Abdullah’s long-time enemy, the Mufti of Jerusalem, had fled to Gaza, where he attempted to counter the king’s claims. But the Mufti’s glory days were over.
It surfaced that during World War II, when the Mufti was a Nazi agent, he had visited Poland to examine the extermination camps. Feeling that German conquest of Palestine was inevitable, he presented Hitler with a plan to set up gas chambers in the Dothan Valley north of Nablus. Here he would exterminate the Jews of any and all lands the Germans conquered in the Middle East.
Egypt alone recognized the Mufti’s claim on Palestine but its support was weak and insincere. In truth, he had outlived value to the Arab cause. Haj Amin al Heusseini was to finish his life as a revered man in various Arab locales, but his political star was burned out.
Also in powerful opposition to Abdullah’s annexation plans were many Palestinians themselves. The king was shocked to learn that all of Palestine wasn’t flocking to the Hashemite flag. But his skin was not very thin. He went about securing his claim to the West Bank, careful not to antagonize important men in opposition. At the same time he made certain the refugees did not organize a countermovement.
Abdullah’s agents and supporters infiltrated West Bank towns and refugee camps, coercing, bribing, and promising political payoffs to those who joined his cause.
The refugee camps on the Jordan side, spaced like satellites around Amman, easily fell under his control. He removed opposition from these camps by quiet imprisonments and assassinations.
On the West Bank he initiated numerous conferences and smaller meetings to fortify his position. At last he felt strong enough to unify Jordan with the West Bank and called for a great convention in Amman for the unstated purpose of offering him the crown of Greater Palestine, the first giant step on the way to Greater Syria.

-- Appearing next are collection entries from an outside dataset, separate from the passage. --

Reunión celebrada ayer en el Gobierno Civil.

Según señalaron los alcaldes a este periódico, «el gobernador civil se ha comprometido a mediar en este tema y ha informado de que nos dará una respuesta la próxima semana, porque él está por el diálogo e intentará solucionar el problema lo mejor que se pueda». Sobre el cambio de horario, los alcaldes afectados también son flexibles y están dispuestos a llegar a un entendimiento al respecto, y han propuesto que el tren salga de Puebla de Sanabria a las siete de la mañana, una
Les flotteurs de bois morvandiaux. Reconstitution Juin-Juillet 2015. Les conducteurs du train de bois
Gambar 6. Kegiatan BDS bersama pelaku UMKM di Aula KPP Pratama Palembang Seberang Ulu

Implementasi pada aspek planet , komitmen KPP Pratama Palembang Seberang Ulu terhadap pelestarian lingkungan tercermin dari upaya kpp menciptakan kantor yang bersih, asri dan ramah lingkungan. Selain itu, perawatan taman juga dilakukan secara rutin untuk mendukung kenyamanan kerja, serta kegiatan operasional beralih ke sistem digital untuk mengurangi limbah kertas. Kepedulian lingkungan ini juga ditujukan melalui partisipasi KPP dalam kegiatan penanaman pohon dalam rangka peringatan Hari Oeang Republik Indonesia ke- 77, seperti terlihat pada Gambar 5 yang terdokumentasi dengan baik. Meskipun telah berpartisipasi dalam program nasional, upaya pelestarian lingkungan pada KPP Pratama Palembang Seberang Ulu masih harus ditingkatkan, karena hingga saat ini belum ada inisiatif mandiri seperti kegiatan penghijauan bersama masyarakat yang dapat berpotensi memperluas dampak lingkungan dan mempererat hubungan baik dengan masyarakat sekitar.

My father watched these maneuverings carefully. He attended meetings, large and small, remaining low-key. He was in constant communication with Professor Doctor Nuri Mudhil. When the great Amman Conference was called, he knew he had to attend and put his beliefs on the line, even though it targeted him for imprisonment or death.
T
HE ROMANS CALLED IT
Philadelphia. Amman, capital of the biblical Ammonites, was that place where David the King sent his captain, Uriah, to certain death in battle in order to steal the man’s wife, the magnificent Bath-sheba. Like ancient Sodom, Amman had a reputation for unabashed hedonism and evil ways that made it incur the wrath of the prophets Amos and Jeremiah. Their forecasts of Amman’s destruction were only partly fulfilled. Amman was never destroyed. It simply was never anything. It just lay there, stretched out on the proverbial seven hills, a forgotten way station along the King’s Highway, the trading route between the Red Sea and Damascus. It stayed thus, weary under the sun, for nearly two thousand years, with little inkling of the world beyond.

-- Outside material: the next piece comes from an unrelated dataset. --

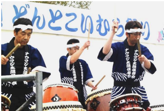
「ナウマン太鼓 （どんとこいむら祭りにて）」

私は忠類生まれです。16歳から15年間を札幌で過ごし、2006年11月に忠類へ戻った時、「忠類村」は「幕別町忠類」になっていました。その後、忠類地域住民会議や商工会青年部の活動の中で、村出身を恥ずかしがる忠類っ子がいること知り驚きました。私は「ナウマン象が発掘された忠類村出身です。」と自慢げに話し、誇りに思っていたので、“忠類の良さや、私が知っている忠類のみなさんの温かさを子ども達に伝えていきたい。”と考えるようになりました。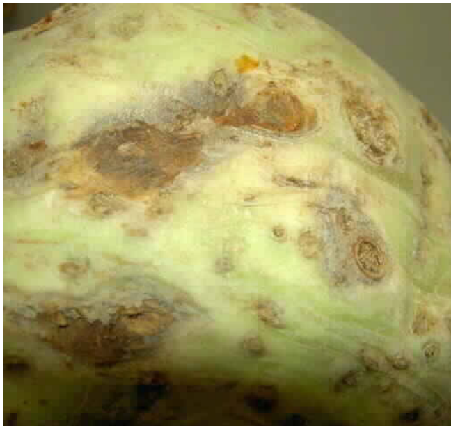
Chocolade en schurftachtige rotte plekken op knolselderij veroorzaakt door P. apiicola .

Selderij, waaronder haar verschillende vormen snij-, bleek en knolselderij, en andere schermbloemigen als koriander zijn de waardplanten van P. apiicola [6,7,8]. Selderij, knolselderij, wordt specifiek in verband gebracht met economische schade [4]. Deze phoma-variant tast ook peen en peterselie aan. Er is twijfel of er ook andere gewassen geïnfecteerd kunnen worden. Er zijn onderzoeken waaruit blijkt dat dille, venkel, koriander, karwij, wortel en pastinaak geïnoculeerd zijn, maar dat er geen infectie op trad. Pastinaak is wel vatbaar. Peterselie is even vatbaar als knolselderij. Karwij is zeer weinig vatbaar, terwijl de gevlekte scheerling en dille niet vatbaar zijn [3].

Then came Abdullah and his ambitions and the British unifying of the Bedouin into the Arab Legion. Amman lifted its windy, dust-encrusted head and went from being the capital of nothing to a new center of Arab intrigue.

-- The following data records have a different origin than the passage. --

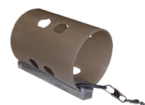
Open End Feeder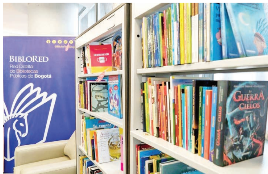
Este espacio alternativo de lectura, especializado en temas de género y sexualidad, cuenta con títulos de obras clásicas y de literatura incluyente.

BiblioRed, por brindar nuevos espacios alternativos para la lectura y la diversidad que promuevan la política pública LGBTI de bienestar y cuidado para todos y todas.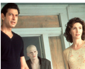
1995 POWDER (Powder) de Victor Salva avec Jeff Goldblum, Sean Patrick Flanery

Can you imagine how thrilled and honored I was when my father told me that I was to accompany him to the Great Democratic Unity Conference in Amman! The Arab world seems to gallop from conference to conference, but I had never been to one, much less a democratic conference.
For weeks Aqbat Jabar and the four other camps around Jericho were ablaze with lively discussion.
Jordanian agents inundated us with literature and persuasion. There were to be over a thousand delegates, half from the West bank and half from among the Palestinians now living in Jordan.
If one could count, one could see that Abdullah had 50 percent of the conference locked up before he even began seeking out delegates in the West Bank. Those affluent Palestinians living in Amman and the others living in some fifty camps over the river were in Abdullah’s pocket, and no one had any doubt about how they would vote.